A administradora da regional da Rua da Cidadania da Matriz, Rosane Amélia dos Santos, diz que a queda nas vendas sentida pelos ambulantes não tem nada a ver com a construção do Mercado Central. ‘‘É apenas um reflexo da crise generalizada do comércio, que tem trazido dificuldades para todos’’, garante.
Segundo Rosane, o mercado é uma nova concepção de comércio popular, e é natural que a idéia enfrente a resistência de algumas pessoas. Ela afirma que existe um grande número de comerciantes satisfeitos com a mudança, que afirmam ter aumentado suas vendas depois que foram transferidos da Praça Rui Barbosa. ‘‘Hoje eles não precisam mais se preocupar com problemas de segurança, ou com o excesso de sol e de chuva’’, diz.

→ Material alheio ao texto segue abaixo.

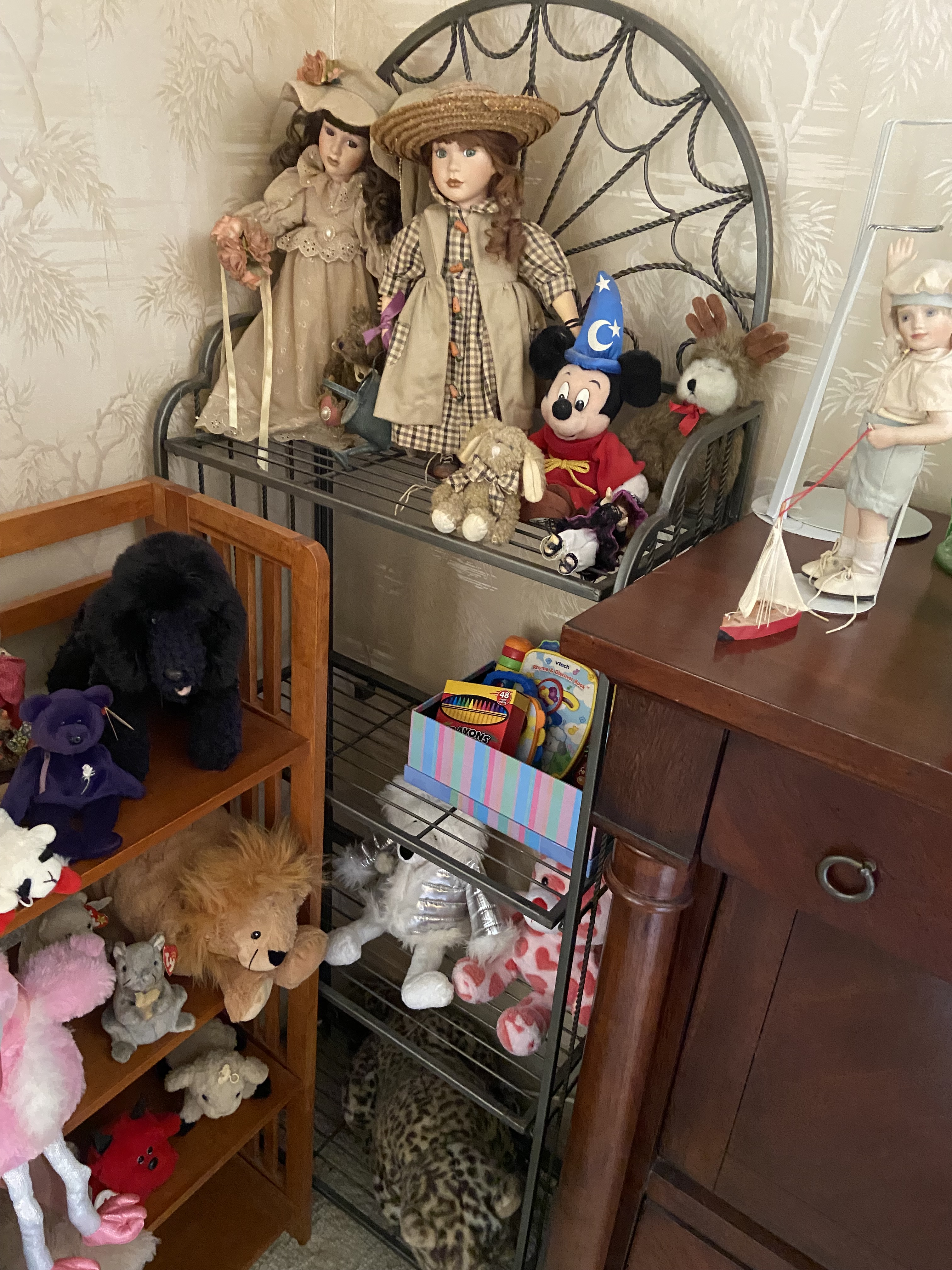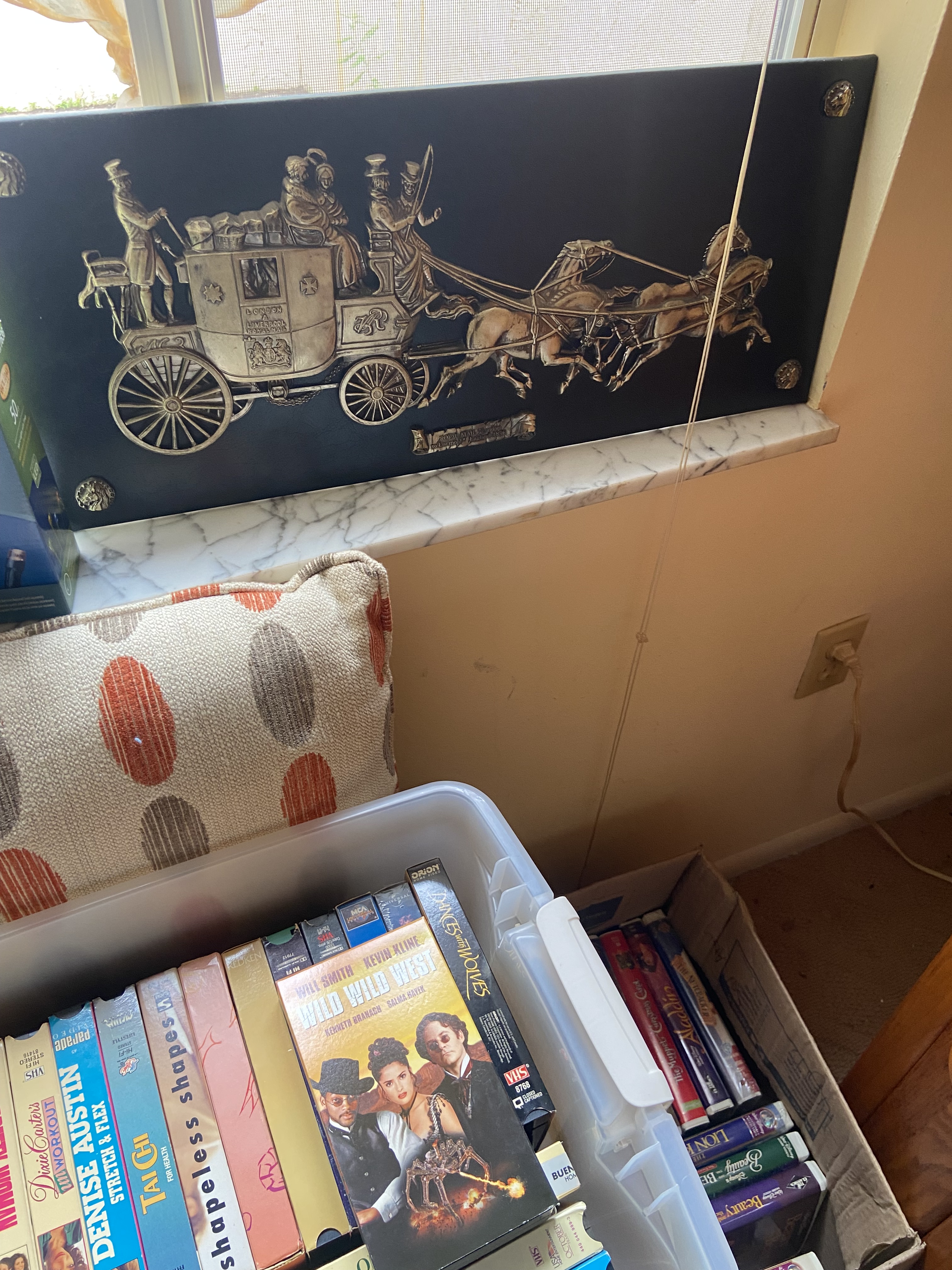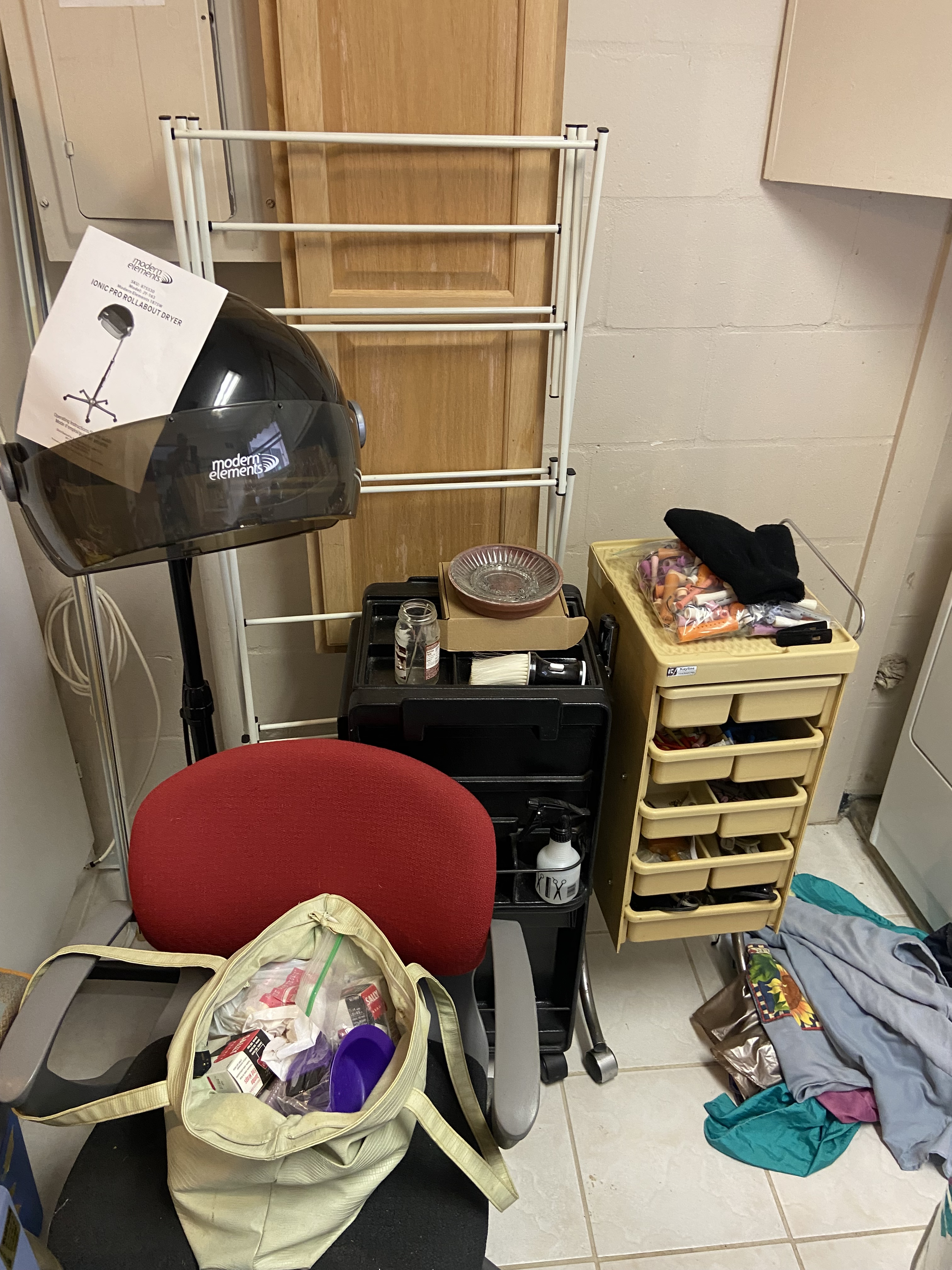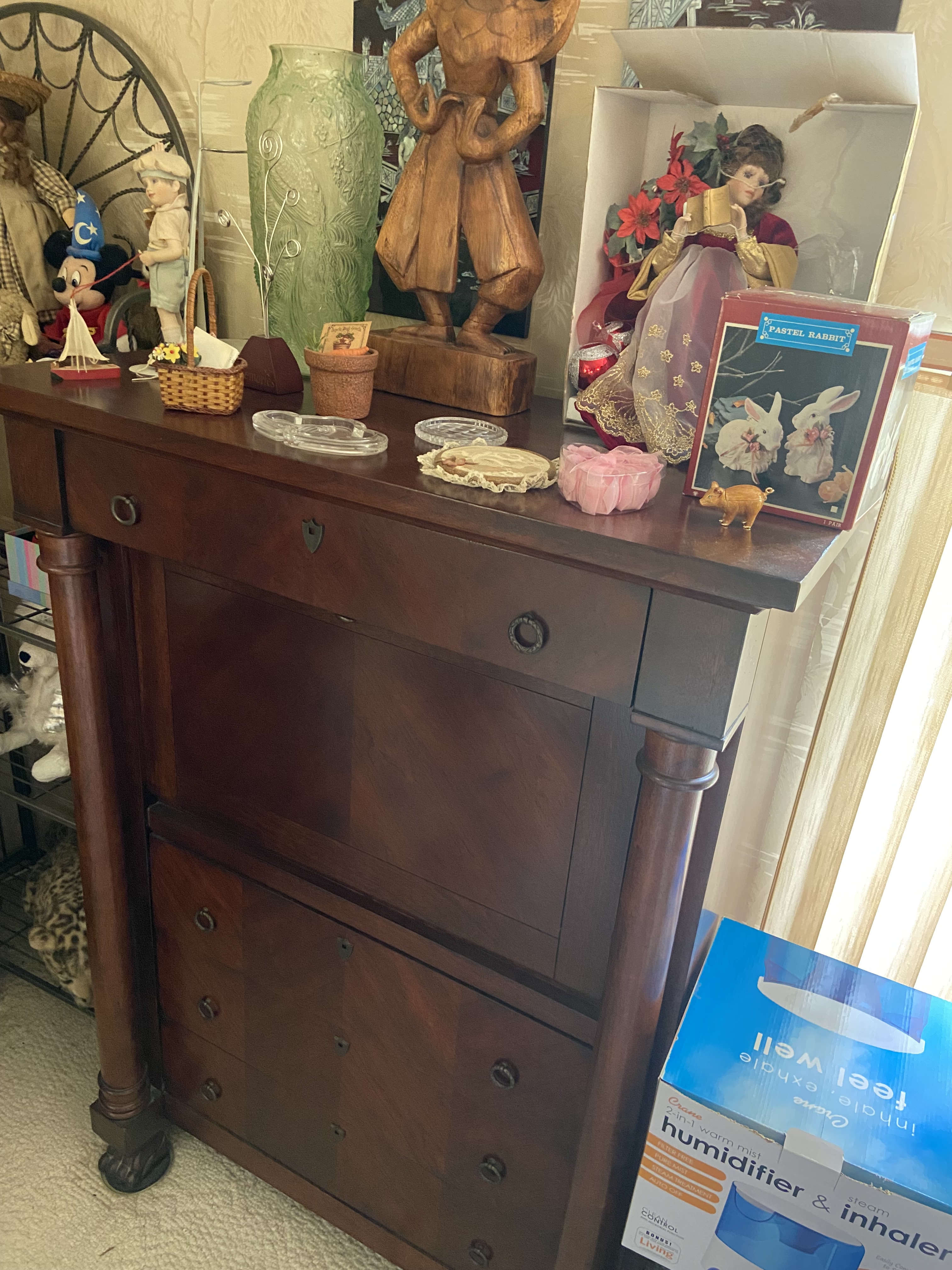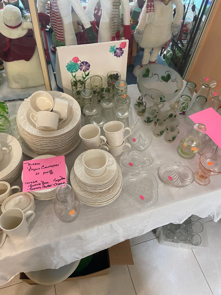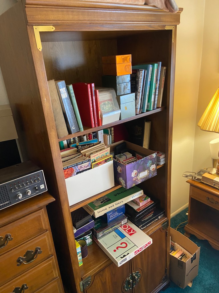 We have Burlington house hutch, marble top buffet, Vintage Collectibles, dining room table with four chairs, Hall tree, Steinbach Nutcracker from Germany, vintage hallway tables, art deco couch, decorator pieces, crystal, large fountain, mid-century armchairs, recliners, three stacking music box tables from Italy, Venus de Milo sculpture, pedestal, mid-century accent tables, curio, model ships, drop leaf dining room, table, and four chairs, marble top sofa table, artwork, CDs, VHS‘s, DVDs, albums, 78s, 45s and cassettes, 50 inch RCA Roku TV, stereo with turntable and cassette player, vintage oriental wooden birdcage, lamps, vases, green sofa, vintage pictures, sculptures, vacuums, room divider, bar area, kitchen, pampered chef, power juicer, Mikasa English Countryside dishes and serving set, vintage Hazel Aras hand painted glass set, glassware, toaster oven, knives and utensils, pots and pans, cookware, serving dishes, roosters, salt and pepper shakers, cups and dishes, canister sets, FA Pawla art Santa Barbara, we have a Christmas wonderland, Fontanini nativity set, department 56, village pieces, ornaments, Santa Claus figures, yard art, Christmas lights, dual patio glider, outdoor chairs, stressless recliner, patio set, storage bins, outdoor wall, art, outdoor cabinets and shelves, Thomasville bedroom set with dresser, high boy, nightstands and headboard, Butler writing desk, linens, high boy dresser, lingerie chest, jewelry boxes, vintage box phone, dolls, stuffed animals, throw pillows, OT fit briefs, shoes, hats, vintage hats, purses, bathroom items, early American dressers, high boy and nightstands, lamps, train sets, Viking Husqvarna sewing machine, bookcases, books, vintage and old books, old sheet music, vintage magazines, cameras, 35 mm cameras, digital cameras, vintage, Disney World, vintage camera accessories, shoe racks, we have hairdressers room, a large number of hairdresser supplies, hair dryer, hairdresser chair, cleaning supplies, art items, garage, three large Coleman storage chess, large Christmas tree, tennis rackets, tools, and much much more.

A administradora não concorda com a crítica feita pelos vendedores, segundo a qual a Rua da Matriz seria um ‘‘projeto fracassado’’ por não estar atraindo o público. ‘‘A Rua da Matriz foi concebida para oferecer um futuro melhor aos ambulantes e talvez leve algum tempo para que o público se acostume com a mudança’’, afirma.
A assessoria de imprensa da Urbs informou que não existe nenhuma previsão de redução das taxas de manutenção cobradas atualmente pela empresa. Segundo a Urbs, o valor é pequeno se comparado à infra-estrutura oferecida aos comerciantes e à localização privilegiada do Mercado Central. (C.P.)